Surprisingly, given that curfew arrests of California youth rose fourfold between 1989 and 1997 (from 5,400 to 22,400, respectively; see Figure 1), we are not aware of any systematic study of whether California's curfew laws control crime. A search turned up only twenty-five studies of curfews nationwide (three in California) since 1990. These reach mixed, often opposite, conclusions, more often philosophical rather than analytical in nature. Even those that provide statistical analysis are limited to selected time periods, specific types of crimes and areas, and do not compare jurisdictions that enforce curfews to those that do not (Ruefle et al. 1997; Harvard Law Review Association 1997). Several representative research studies follow.

Figure 1

Figure 1

For example, the U.S. Conference of Mayors recently surveyed the nation's 1,010 cities with populations of more than 30,000. The survey asked law enforcement authorities if they could credit curfews for any recent improvements in juvenile crime. Only one-third, or 347, of the cities responded to the survey. Of those, eighty-eight per cent claimed that their curfews reduced youth crime, even though the survey "did not include a statistical analysis of the effect curfews have had on crime" (Wilgoren and Fiore 1997).

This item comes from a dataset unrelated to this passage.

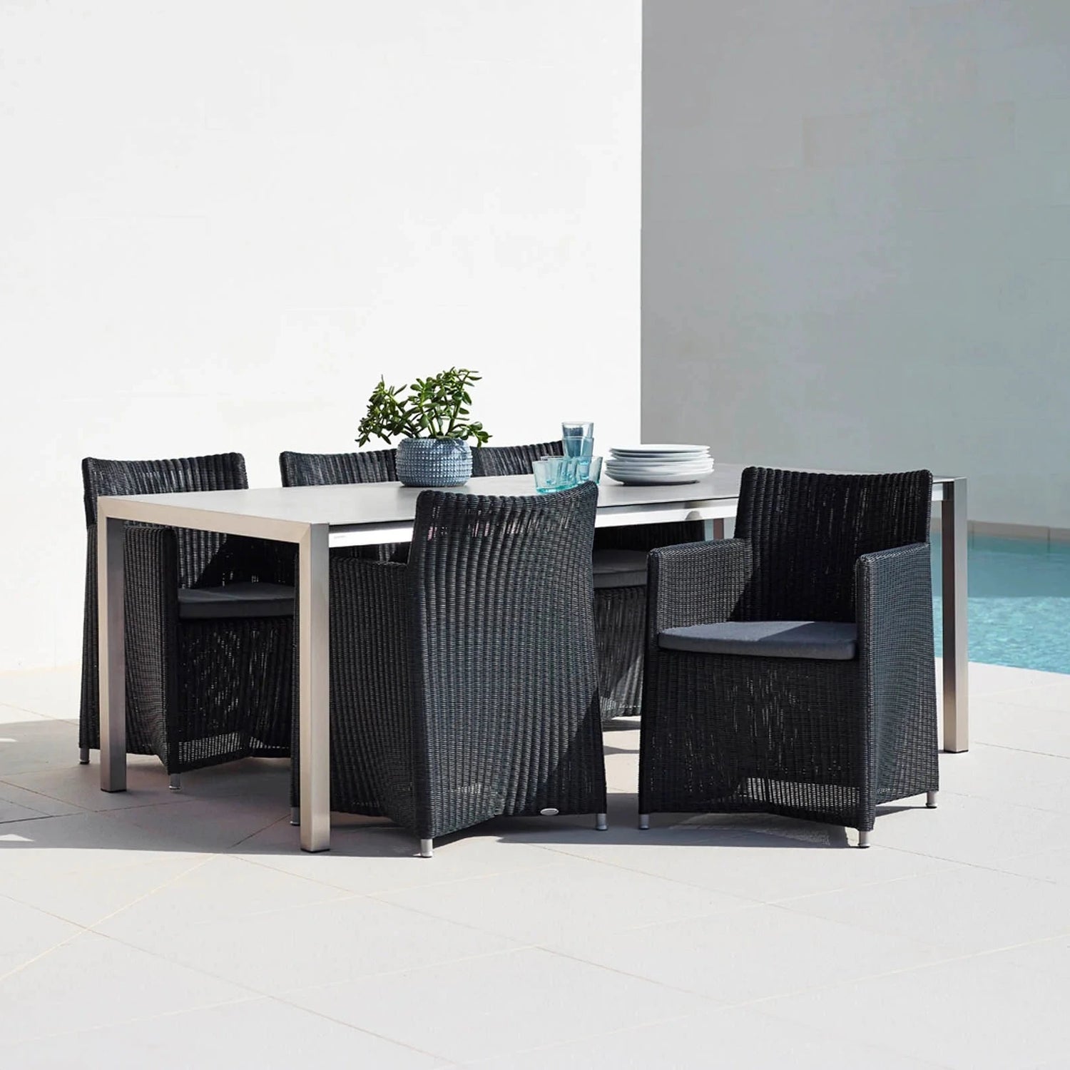 A Diamond egy klasszikus és egyben modern kerti szék, ahol az innovatív dizájn gyönyörű formában nyilvánul meg. A szék Cane-line Weave® szövet anyagból készült, amely egy tartós, és időjárásálló anyag. Ennek a változatnak a párnája ultrapuha és kényelmes Cane-line Natté szövetből készült QuickDryFoam®-mal, amely lehetővé teszi a gyors száradást egy zápor után. Az anyag víz- és szennyeződéslepergető, valamint magas fényállósággal rendelkezik.

A potentially interesting report on "comprehensive, community-based curfew programs" in seven cities was done by the Office of Juvenile Justice and Delinquency Prevention (OJJDP 1996: 1). The report concludes that "information by communities where curfews have been implemented indicates that comprehensive, community-based curfew programs are helping to reduce juvenile delinquency and victimization." However, this study does not present consistent or controlled information necessary to support the conclusion. For some cities, selected juvenile victimizations are cited; for still others, selected juvenile arrests; for others, selected crimes (such as burglaries or vehicle theft) reported to police. No controlled comparisons are made between cities that did and did not enforce curfews. Clearly, for any jurisdiction and year, some crimes and victimizations will increase and others will decrease due to natural fluctuations that are not controlled for. Selective citation of these findings are practically useless for evaluation purposes.

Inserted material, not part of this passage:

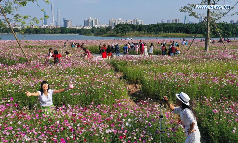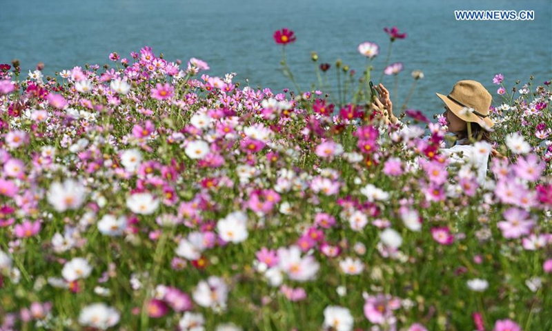 A tourist takes photos amid cosmos flowers at Haizhu Wetland Park in Guangzhou, capital of south China's Guangdong Province, Nov. 3, 2020. (Xinhua/Liu Dawei)
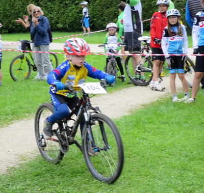 Für den sportlichen Höhepunkt aus Sicht des RSLC sorgte Gabriel Köglsperger in der Klasse U11. In dieser Klasse galt es einige, zum Teil sehr steile, Wiesenauffahrten zu bezwingen. Eine konnte sogar von nur 4 Fahrern, des mit 23 Kindern größten Fahrerfeldes, ohne Absteigen bewältigt werden. Einer davon war Gabriel, der sich von Anfang an in der Spitzengruppe aufhielt, und letztendlich als 3ter freudestrahlend die Ziellinie überquerte. Herzlichen Glückwunsch!

Individual cities, including those cited in the OJJDP study, have provided anecdotal and numerical claims regarding the effects of curfew. The city of Los Angeles analysis appears to be the most complete (LAPD 1998). From July 1997 through July 1998, the city issued three semiannual reports on its Enhanced Curfew Enforcement Effort for selected nights and areas. The reports reached contradictory conclusions. One report finds that stronger curfew enforcement "has impacted" and another that curfew enforcement "has not greatly impacted" violent crime, youth arrests, and youth victimization. Interestingly, the six-month period of the most intensive and stepped-up curfew enforcement (4,810 arrests from May to October 1997) produced no effect on crime or victimization. When curfew arrests and enforcement were cut back sharply in the following period, youth crime and victimization declined in the enforcement areas.

Finally, an analysis of Monrovia's daytime curfew by Klein (1998), submitted as a declaration in a lawsuit and cited by Monrovia in the press (Harrahill v. Santoro 1998), concludes that the curfew reduced Part I (FBI felony violent and property) crime in the city by at least seven percent from 1993 to 1996. Klein's conclusion is based on the number of Part I crimes reported to police in 1996 (the most recent year for which statistics are available) compared to 1993 (the last full year before the adoption of curfew in October 1994) for school hours and nonschool hours. In effect, Klein assumes all Part I crimes in Monrovia are committed by juveniles and that the entire reduction evident in 1996 can be explained by the curfew ordinance. However, crime clearance reports by the FBI (1997) show that only one in five reported Part I crimes are committed by (that is, cleared by the arrest of) juveniles, making this measure too imbued with adult "noise" to serve as a reliable indicator of youth crime. As will be shown in the case study of Monrovia (below), Klein's figures appear to be in error, and, when corrected, show a larger decrease in reported crime during non-curfew than during curfew enforcement hours. Overall, Klein's method fails to utilize the data available to reach a more precise conclusion.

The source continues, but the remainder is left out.